Indeed, the set of positive common divisors of $a$ and $b$ is nonempty because $1$ divides every integer. It is also finite, since any positive divisor of a nonzero integer $a$ is at most $|a|$ . If $a=0$ , then $b\ne0$ , and any common divisor is at most $|b|$ .

Therefore the positive common divisors form a finite nonempty set, so they have a largest element.

Symmetry and Sign

The greatest common divisor is symmetric:

\gcd(a,b)=\gcd(b,a).

It is also insensitive to signs:

\gcd(a,b)=\gcd(|a|,|b|).

For example,

\gcd(-21,35)=\gcd(21,35)=7.

Thus one may usually reduce questions about greatest common divisors to positive integers.

Coprime Integers

Two integers $a$ and $b$ are called coprime, or relatively prime, if

\gcd(a,b)=1.

For example,

\gcd(8,15)=1,

so $8$ and $15$ are coprime.

Coprime integers need not be prime individually. The integers $8$ and $15$ are both composite, yet they share no common positive divisor greater than $1$ .

Coprimality measures shared factor structure, not primality of the individual numbers.

Prime Factorization View

If the prime factorizations of $a$ and $b$ are known, their greatest common divisor can be read off directly.

For example,

72=2^3\cdot3^2

and

120=2^3\cdot3\cdot5.

The common prime powers are

2^3 \quad\text{and}\quad 3.

Therefore

\gcd(72,120)=2^3\cdot3=24.

In general, the greatest common divisor contains exactly the prime powers that occur in both integers, with the smaller exponent chosen.

Divisibility Characterization

d=\gcd(a,b),

then every common divisor of $a$ and $b$ divides $d$ .

This property is deeper than the definition as the largest common divisor.
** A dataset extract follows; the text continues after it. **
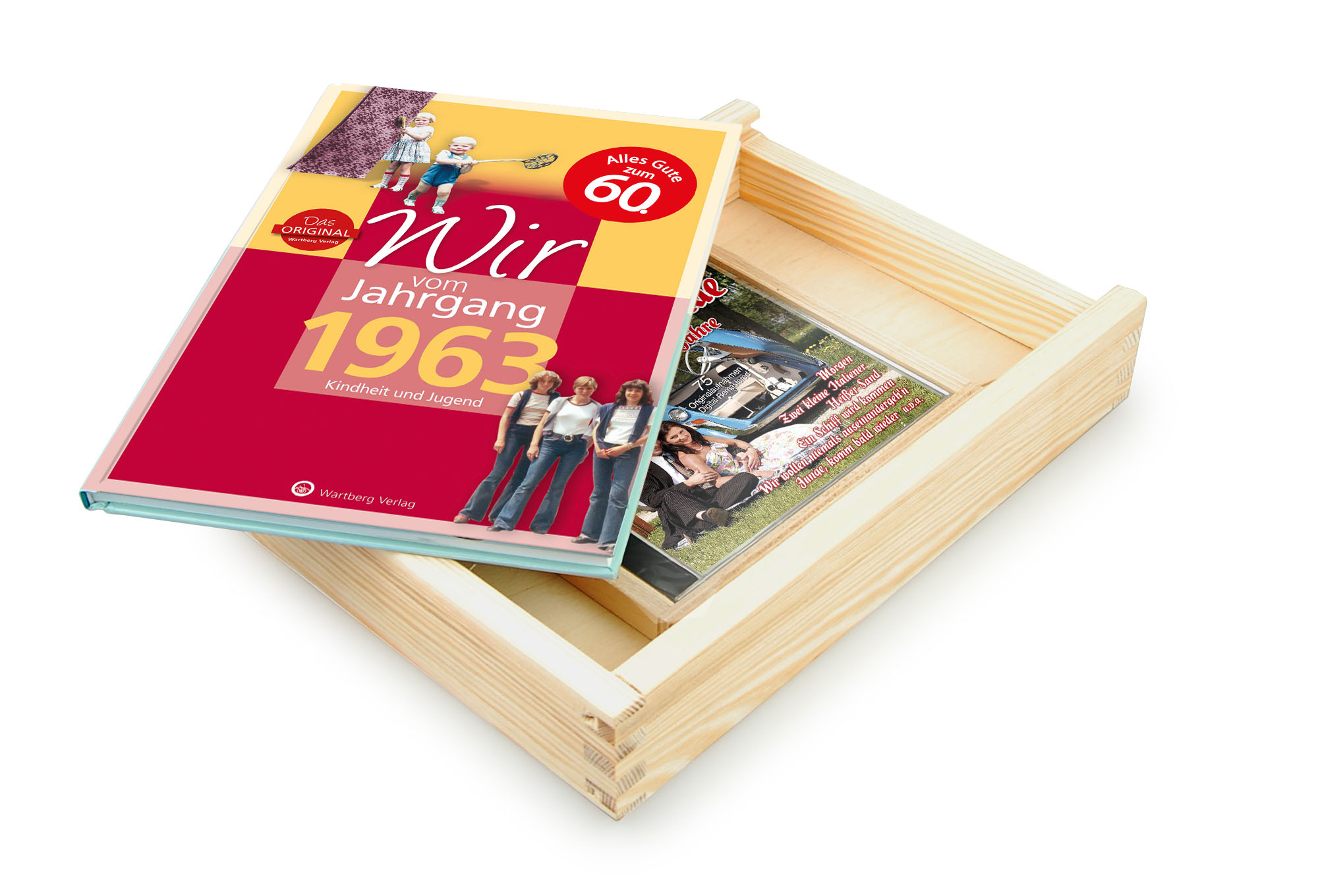 Brandneu! Nutzen Sie die großartige Chance, die Buchchronik Wir vom Jahrgang 1963 zusammen mit den Schlager der 60er Jahre zu personalisieren. Mit einer edlen Gravur auf der Holzkiste fügen Sie dem Geschenk für Ihre Liebsten eine zusätzliche Einzigartigkeit hinzu. Schicken Sie diese auf eine Reise in alte Zeiten und erwecken Sie alte Erinnerungen an frühere Zeiten. Verschenken Sie zusätzlich gute Laune mit fabelhaften Hits von früher. Ob zum Geburtstag, Mutter- bzw. Vatertag, Hochzeit oder Weihnachten, dieses Geschenk macht zu jedem Anlass eine gute Figur. Nutzen Sie unseren brandneuen Service und lassen Sie sich von uns Ihre Grüße, Glückwünsche und Botschaften auf die Holzkiste gravieren. Dank unserer neuen, hochwertigen Graviermaschine verschenken Sie so ein ganz persönliches Geschenk.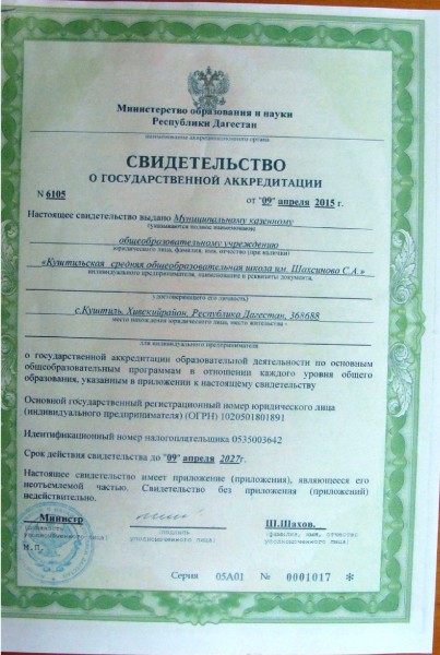 Полное наименование образовательной организации* Муниципальное казенное общеобразовательное учреждение "Куштильская средняя (полная) общеобразовательная школа им. Шахсинова С.А."

It will follow naturally from Bézout identities after the Euclidean algorithm is developed.

For example, since

\gcd(18,30)=6,

every common divisor of $18$ and $30$ divides $6$ .

The common divisors are therefore precisely the divisors of the greatest common divisor.

Greatest Common Divisors and Linear Combinations

A central theorem states that $\gcd(a,b)$ can be written as an integer linear combination of $a$ and $b$ :

\gcd(a,b)=ax+by

for some integers $x$ and $y$ .

For example,

\gcd(18,30)=6

and

6=30-18.

Thus

6=(-1)18+1\cdot30.

This representation is known as Bézout’s identity. It gives the greatest common divisor a constructive form and is one of the most useful facts in elementary number theory.

Role in Number Theory

Greatest common divisors measure the shared arithmetic content of integers. They occur in divisibility problems, reduction of fractions, modular inverses, Diophantine equations, and the Chinese remainder theorem.

For example, the fraction

\frac{a}{b}

is in lowest terms precisely when

\gcd(a,b)=1.

A linear congruence

ax\equiv c\pmod n

is solvable exactly when

\gcd(a,n)\mid c.

Thus the greatest common divisor is one of the main organizing invariants of elementary number theory.